Unified Service Configuration:
- New `gateway_config.defaults` for global service defaults
- New `gateway_config.services[]` for per-service overrides
- Merge logic: services inherit from defaults and override specific fields
- Named latency profiles (`fast`, `standard`, `slow`, `llm`)

Per-Service Configuration Support:
- Reputation config (initial_score, min_threshold, recovery_timeout)
- Tiered selection thresholds (tier1_threshold, tier2_threshold)
- Probation settings (threshold, traffic_percent, recovery_multiplier)
- Retry config (max_retries, retry_on_5xx, retry_on_timeout)
- Observation pipeline sample rates
- Latency profiles and inline latency config
- Active health checks with per-service rules

Health Check System:
- Leader election for distributed deployments (Redis-based)
- External health check rules URL with auto-refresh
- Per-service local health check overrides
- Latency integration in health check signals
- Comprehensive health check executor with configurable checks

Retry Logic:
- Full retry implementation with per-service configuration
- Retry on 5xx, timeout, and connection errors
- Configurable max retries per service

Code Quality:
- Removed hardcoded service configurations (service_qos_config.go)
- Removed scattered config files (health_check_defaults.go)
- Added comprehensive test coverage for new components
- Fixed private key logging (now redacted)
- Added extractor factory for QoS metric extraction

Breaking Changes:
- Config format changed: services now defined under gateway_config.services[]
- Removed deprecated service_fallback array (use services[].fallback)
Implemented comprehensive retry system improvements:

- Retry endpoint rotation: never reuse same endpoint on retry, select new endpoint following QoS/reputation rules
- Latency budget: configurable max_retry_latency (default 500ms) to prevent retrying slow requests
- Concurrency configuration: made max_parallel_endpoints, max_concurrent_relays, and max_batch_payloads configurable via YAML
- Endpoint exhaustion handling: exponential backoff (100ms, 200ms, 400ms) when all endpoints tried

Bug fixes:
- Fixed empty response handling in retry loops
- Fixed attempt number in retry metrics (removed incorrect +1)
- Fixed break/return in select statements
- Fixed empty endpoint domain in metrics recording
- Fixed Redis test to use testcontainer address
- Added missing error storage before loop breaks
- Enhanced context cancellation logging

Metrics improvements:
- Added endpoint_domain label to retry_latency metric
- Added retry_reason label to retry_budget_skipped metric
- New endpoint rotation metrics: shannon_retry_endpoint_switches_total, shannon_retry_endpoint_exhaustion_total
- All metrics follow lowercase_underscore naming convention

Configuration:
- Updated config schema with max_retry_latency and concurrency_config
- Added comprehensive examples in config.shannon_example.yaml
- Per-service override support for all retry and concurrency settings

Testing:
- Fixed Redis test conflicts by using testcontainer addresses
- Updated test mocks with GetConcurrencyConfig()
- E2E tests passing at 99.33% success rate (298/300 requests)
@jorgecuesta
Copy link
Contributor Author

jorgecuesta and others added 8 commits December 16, 2025 05:10
This commit fixes a critical bug in the RPC type fallback system and adds
RPC-type-aware reputation tracking and configurable Cosmos QoS.

## Critical Bug Fix - Empty URL Issue

**Problem**: RPC type fallback was setting `actualRPCType` internally but not
propagating it back to the relay context.

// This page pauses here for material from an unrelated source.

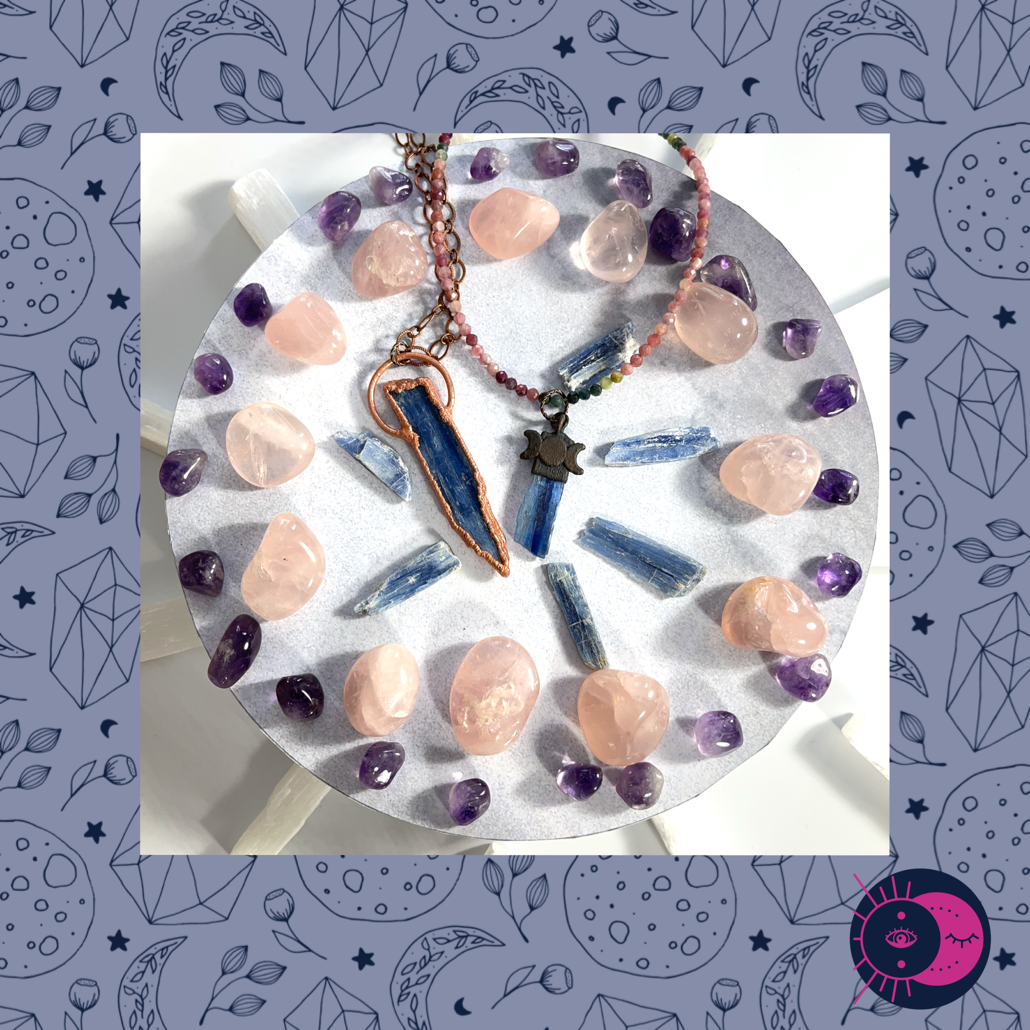 Join me in pairing crystals and crystal healing along with something else that resonates with you and holds the intention to live in sync with Mother Gaia and her cycles, to dance to her rhythm, turn with her seasons, to be in resonance with her heart beat. It’s a pulse, a flow, that brings joy and contentment. One way we can connect to Mother Gaia and Lady Luna is thru a crystal grid on the eve of the Full Moon. This will energize your crystals and strengthen your intentions you may have set on the New Moon not too long ago. Full Moon evenings are a meaningful time to create gem water or charge your crystal jewels on the windowsill. Creating crystal rituals at lunar phases helps me live more naturally, feeling less linear, and more like a cyclical being.

When `endpoint.GetURL(originalRPCType)`
was called with the original (unsupported) RPC type, it returned empty strings,
causing "Post \"\": unsupported protocol scheme \"\"" errors.

**Impact**: 88-95% failure rate for Cosmos chains that relied on RPC fallback
- osmosis: 12.31% success (87.69% failures)
- xrplevm: 5.22% success (94.78% failures)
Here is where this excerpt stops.